In her ear, Riley said, “The cavalry’s rolling, Two. You should hear the bugle.” At almost the same instant, Delaney heard the wail of a siren. Somehow she managed to keep Rina Cole stalled for the nerve-wracking two and a half minutes it took the local police to reach the scene. Every second she expected Rina would become wise to the ploy and erupt again.
Two uniformed officers climbed out of the Saab 9000 patrol vehicle and walked around the Mercedes. When Rina saw them, she launched into another tirade, hurling accusations and reverting to her original claim that she was here at Luke’s invitation. The younger man lent a willing ear as he gently guided her back to the driver’s side of the gleaming copper car. The other officer walked to Delaney and offered a commiserating smile.
“Nasty business, isn’t it?” he said. “Do you want trespassing charges filed on her?”
“We’d rather not if it can be avoided.” If assault charges and an injunction hadn’t deterred Rina, being arrested for trespassing definitely wouldn’t stop her.
Glancing over his shoulder, the officer mused, “She’s something, ain’t she? Talk about ‘hell hath no fury…’” he murmured and let the rest of the quote trail off, then sauntered back
to join his partner and lend the weight of his badge.
Delaney watched the proceedings from a discreet distance with John standing at her side.
“Now, Miss Cole, ma’am,” the first officer said with practiced tact and respect. “You’d best accept that Mr. Wayne doesn’t want to see you and leave quietly. We wouldn’t want to have to take you to the station—not a star like you.”
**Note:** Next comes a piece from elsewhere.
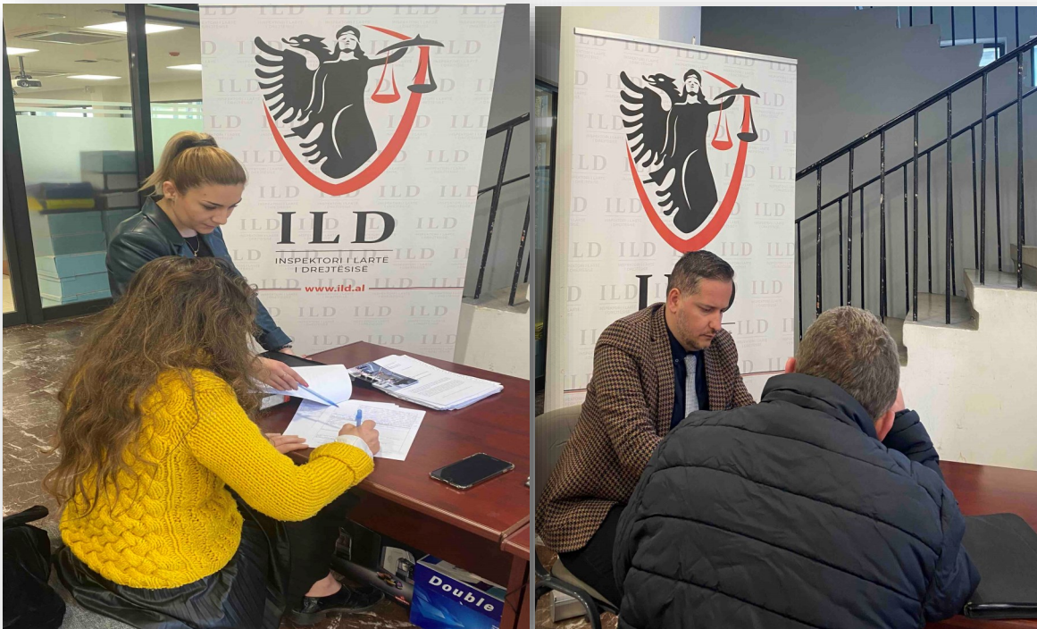
While assisting the complainants

The team of complaints office welcomes citizens-complainants every working day from 09:00 am to 02:00 pm, while for increased communication with interested citizens, in

“You bastards, he paid you off, too, didn’t he?” Rina spat. Then, with a lightning switch that raised the flesh on Delaney’s arms, she changed the object of her hatred. “Luke thinks he’s too good for me. He thinks he can treat me like this and get away with it. He’s wrong. Dead wrong.”
She yanked open the car door and climbed inside, shutting the door with a resounding slam! The engine roared to life. Rina gunned it, then threw the car into reverse, the tires spinning and finding traction to propel the car backwards. She missed the patrol vehicle by no more than a layer of chrome.
Oddly, Delaney didn’t feel an ounce of relief. She walked over to the policeman. “If it’s possible, find out where she goes and let me know?”
“Somehow I doubt she’ll be leaving town, ma’am.”
“So do I,” she agreed on a sigh. “So do I.”
During the long and deliberately slow walk back to the house, Delaney recognized that she’d underestimated Rina Cole. A part of her hadn’t believed Rina would follow up on her previous attempt. She thought Rina would be crazy to do it, crazy to risk prison, crazy to throw away what was left of her career. But the woman was crazy.
She found Riley and Lucas in the living room. “Rina’s gone,” she said as she joined them. “Unfortunately, I think we can count on her being back.”
Riley nodded. “Would you believe Arthur just called to warn us that Rina was on her way to Aspen?”
Delaney couldn’t smile at the irony of that. “His warning came a little late.”
“That’s what I told him.”
She turned to Lucas. “I said it before, Luke, and I’ll say it again. You need a security gate installed, and it can’t be done soon enough.”